Shifting briefly to San Pedro, California, William M. Hobby returned to Oceanside and disembarked Underwater Demolition Team 29 on 13 August 1945. The following day, 14 August 1945 – 15 August 1945 across the International Date Line in East Asia -- Japan surrendered, ending World War II.

===Postwar===
On 16 August 1945, William M. Hobby got underway for Hawaii. Reaching Pearl Harbor on 22 August 1945, she got underway on 24 August 1945 for the Marshall Islands, in company with high-speed transports USS Ira Jeffrey (APD-44) and USS Blessman (APD-48), and arrived at Eniwetok on 1 September 1945. Pushing on to the Philippines, she anchored in Manila Bay on 5 September 1945. William M. Hobby cruised in the Philippine Islands—touching at Subic Bay, Zamboanga, Mindanao, Bugo, Macajalar Bay, and San Pedro Bay—until she departed for Okinawa, and from thence to Japan.

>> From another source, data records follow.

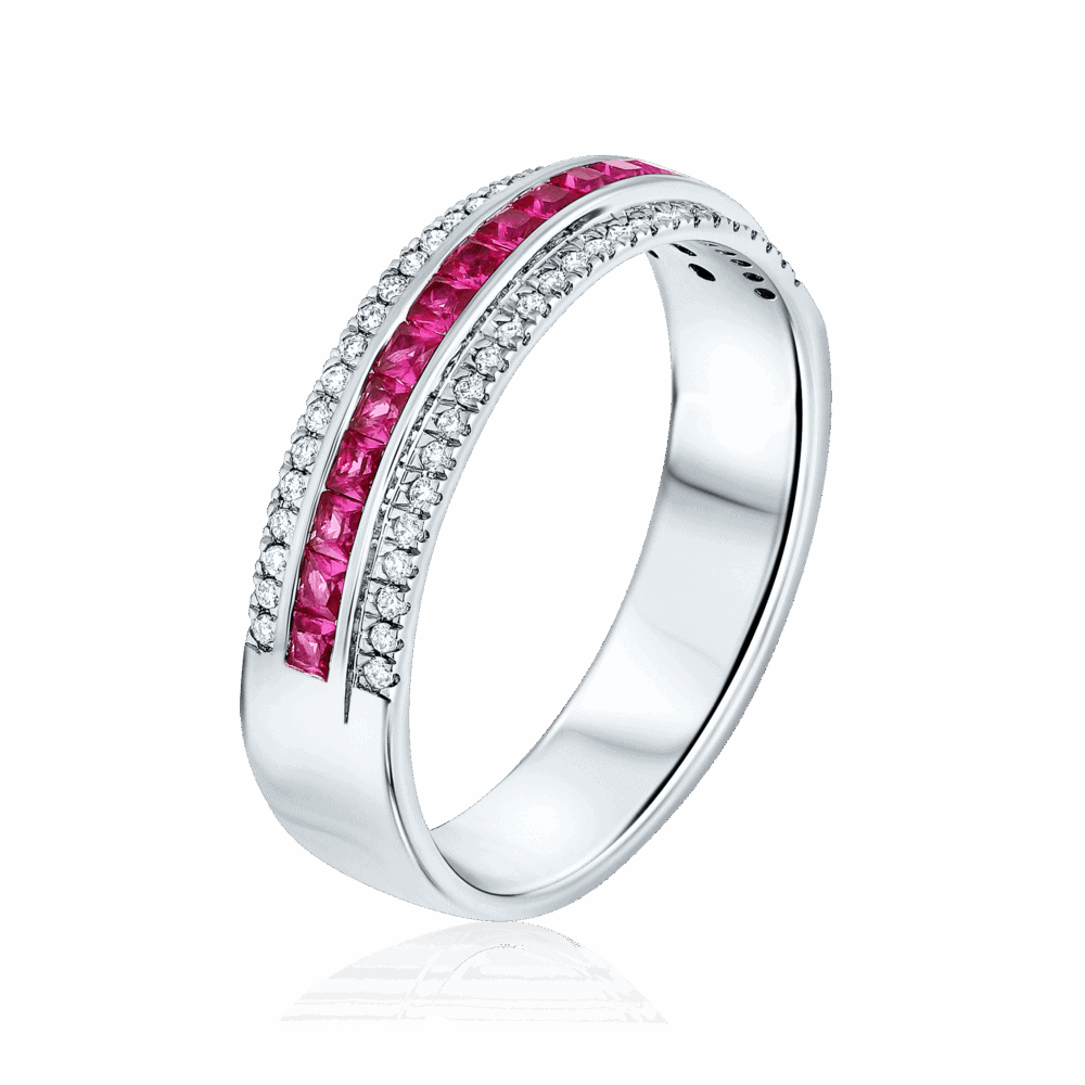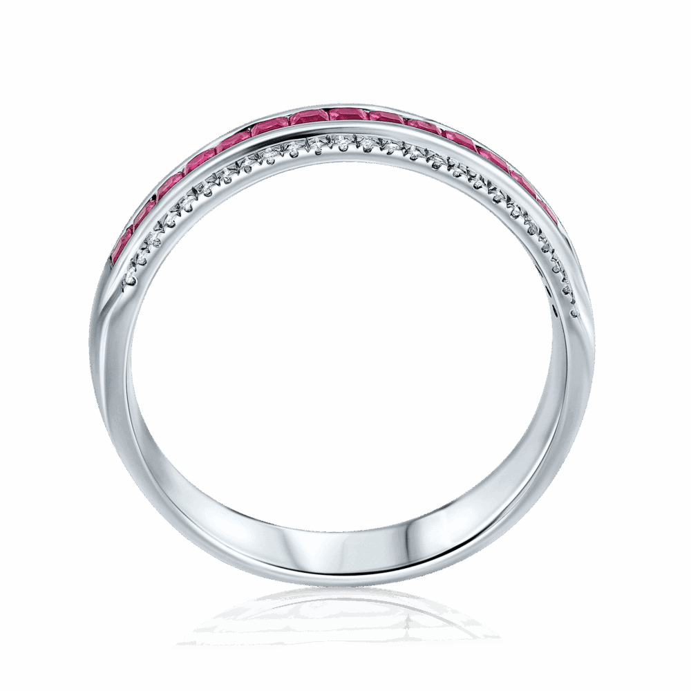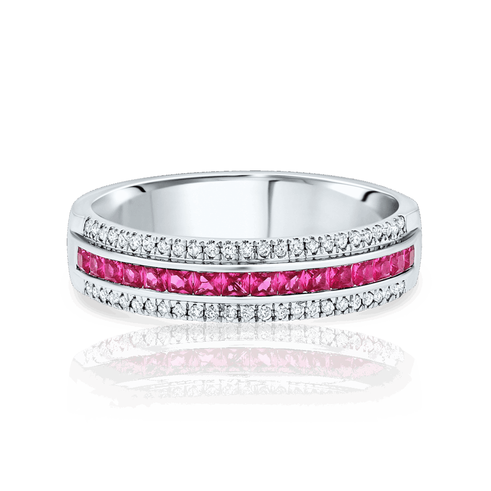 טבעת שורות מעוצבת ,זהב לבן, צהוב או ורוד 14K משובצת 50 יהלומים במשקל 0.13 נקודות. ו18 אבני חן רובי באמצע במשקל 0.41 נקודות.
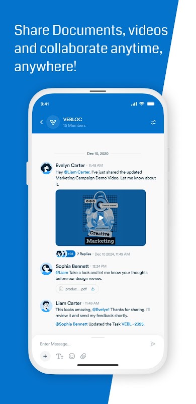 1 対 1 またはチーム全体とリアルタイムでチャットできます。
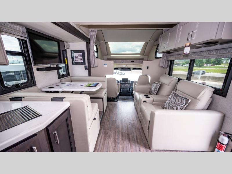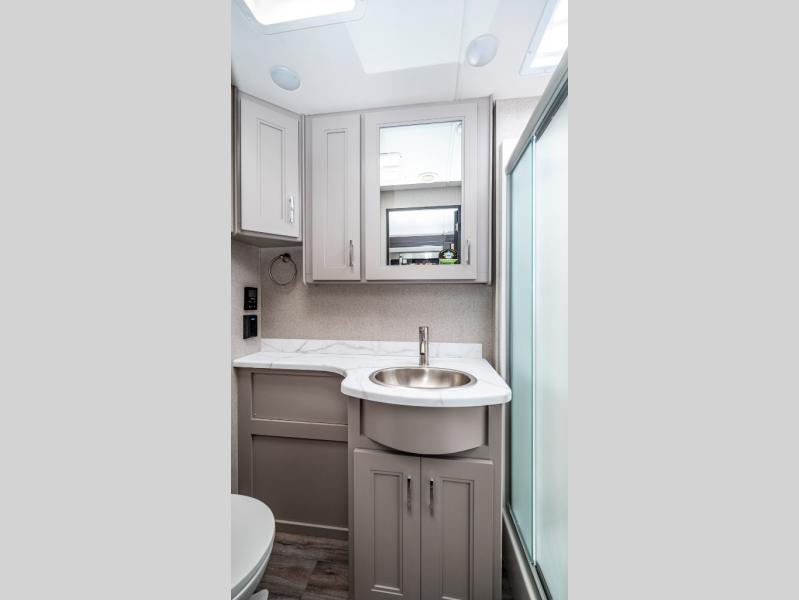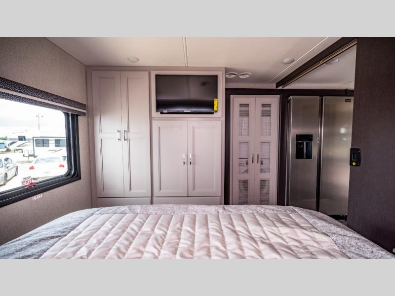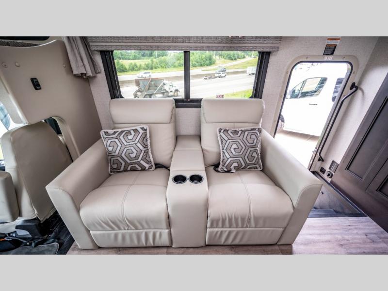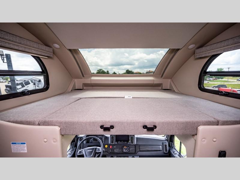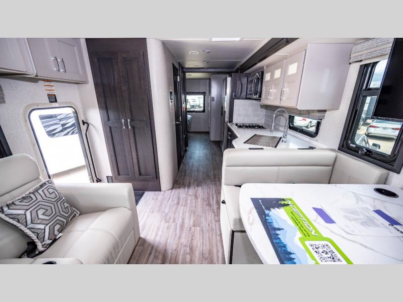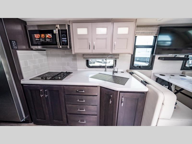 You won't even feel like you're traveling in this motorhome! The rear private bedroom offers at-home comforts with a Tilt-A-View inclining king bed slide, a closet, and a 32" Smart TV to watch movies in bed, plus there is a stackable washer and dryer for added convenience. The kiddos will want to draw straws for who gets to sleep on the 52" x 80" bunk over cab. Everyone can freshen up each morning in the full bathroom with 30" x 36" shower which has a skylight above, an Oxygenics shower head, and fiberglass shower with a glass door. Prepare your best home cooked meals with the two burner high output gas range top with single induction cooktop and enjoy them at the 72" Dream Dinette. The theater seating has the perfect view of the 42" Smart TV above the dinette.
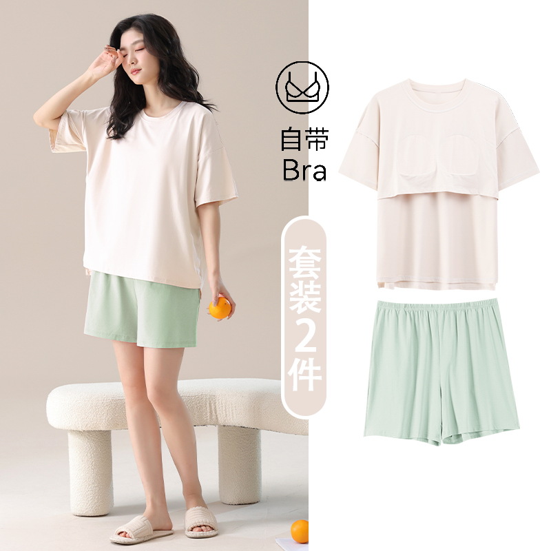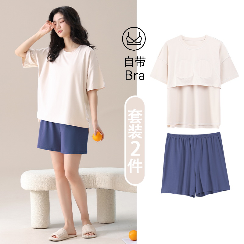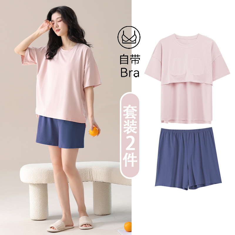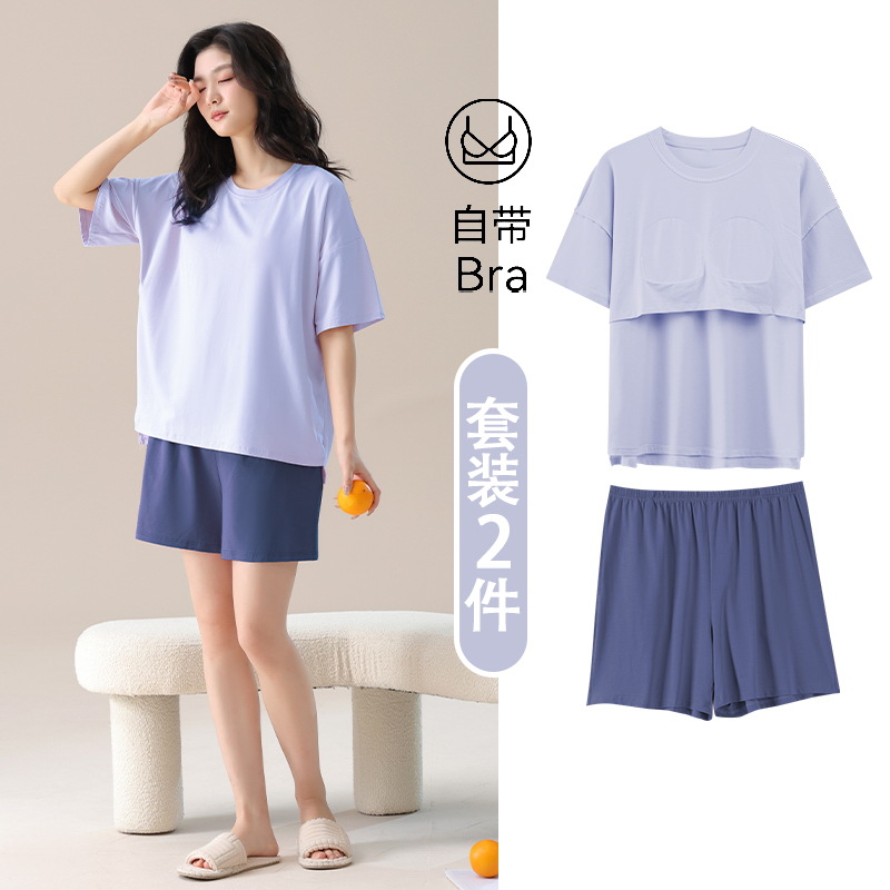 커플 잠옷 여성 모달 여름 반팔 간단한 캐주얼 남성 얇은 의류 반팔 홈 의류 세트스토어 가기
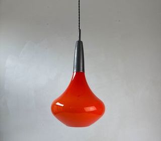 ENVOI POSSIBLE Achat sécurisé sur notre site internet nikel-forms Adresse sur simple demande Magnifique suspension en opaline orange des années 1970. Forme goutte. Très be
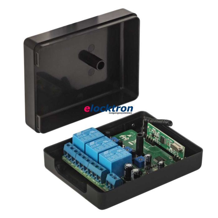 Deze makkelijk te bedienen en te programmeren zenders en ontvangers zijn geschikt voor het schakelen van elektrische vergrendelingen, automatische deuren of andere toepassingen. Er is keuze uit 1 of 3 kanaals zenders en ontvangers met 1 of 3 relais. De codeoverdracht is rollend met 260 miljoen combinatie mogelijkheden (KeeLoq encryptie) dus wisselend bij elke zendimpuls. Alle ontvangers zijn uitgevoerd met puls- of continucontact.
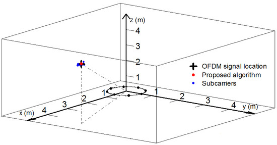 As shown in Figure 6, the + shape represents the OFDM signal real location, the red dot represents the location of the proposed method and the blue dots represent the locations of the individual subcarriers’ locations by employing the method in [8]. Due to the fact that the method in [8] is only suitable for the single-frequency source, it is can be noticed that the positioning results of the individual subcarriers are distributed around the OFDM signal’s real location, and the proposed algorithm with comprehensive utilization of the subcarriers’ phase differences and frequencies can achieve a more precise location.
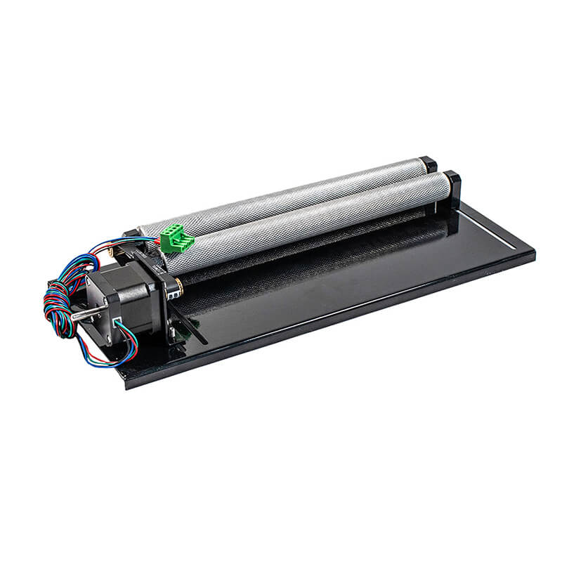 En ultimas versiones el eje rotativo cuenta con un conector de aviador, el cual se conecta en la parte interna del maquina laser. El eje rotativo afectara al eje Y.
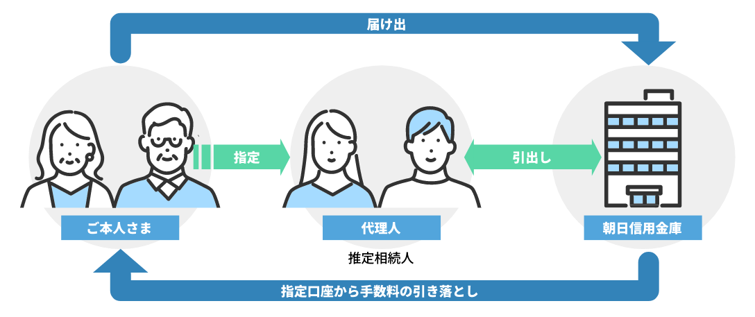 「代理人」を指定していただくことで、窓口に行けない場合でも代理人が代わってお取引していただけます。

Reaching Wakayama, Japan, on 28 September 1945, William M. Hobby soon got underway for Hiro Wan, Honshu, with Underwater Demolition Team 5 embarked. Daybreak on 1 October 1945 found her entering the Inland Sea. There, she joined destroyer minelayer USS Tracy (DM-19), which led William M. Hobby to her anchorage at Hiro Wan. That morning, William M. Hobby sighted a floating naval mine off her port bow and destroyed it with 40-millimeter, 20-millimeter, and rifle fire. William M. Hobbys embarked underwater demolition team reconnoitered beaches and shore installations at Hiro Wan from 2 October 1945 to 10 October 1945 to prepare the way for the arrival of American occupation troops in the Kure area.

On 11 October 1945, William M. Hobby got underway for the island of Shikoku and arrived at the port of Mitsuhama later that day. She disembarked the 15 United States Army officers, 18 enlisted men, and two Japanese officers whom she had carried as passengers and remained at anchor off Mitsuhama while Underwater Demolition Team 5 reconnoitered the beaches there.

After returning once more to Hiro Wan, William M. Hobby got underway for the United States on 14 October 1945. Proceeding via Guam, Eniwetok, Pearl Harbor, San Diego, and the Panama Canal, she arrived at Philadelphia, Pennsylvania, on 9 December 1945. She subsequently shifted southward via Norfolk to Green Cove Springs, Florida, where she arrived on 6 January 1946.

==Decommissioning and disposal==

William M. Hobby was decommissioned at Green Cove Springs on 6 April 1946 and placed in reserve there. She remained in reserve until she was stricken from the Navy List on 1 May 1967.

==Republic of Korea Navy service==
Transferred to the government of South Korea on a grant-in-aid on 23 July 1967, William M. Hobby was reclassified in Republic of Korea Navy service as a gunboat and renamed ROKS Chr Ju (PG-87). In 1972, Chr Ju was reclassified in South Korean service as a high-speed transport and redesignated APD-87.

Chr Ju was stricken by the Republic of Korea Navy and scrapped in 1989.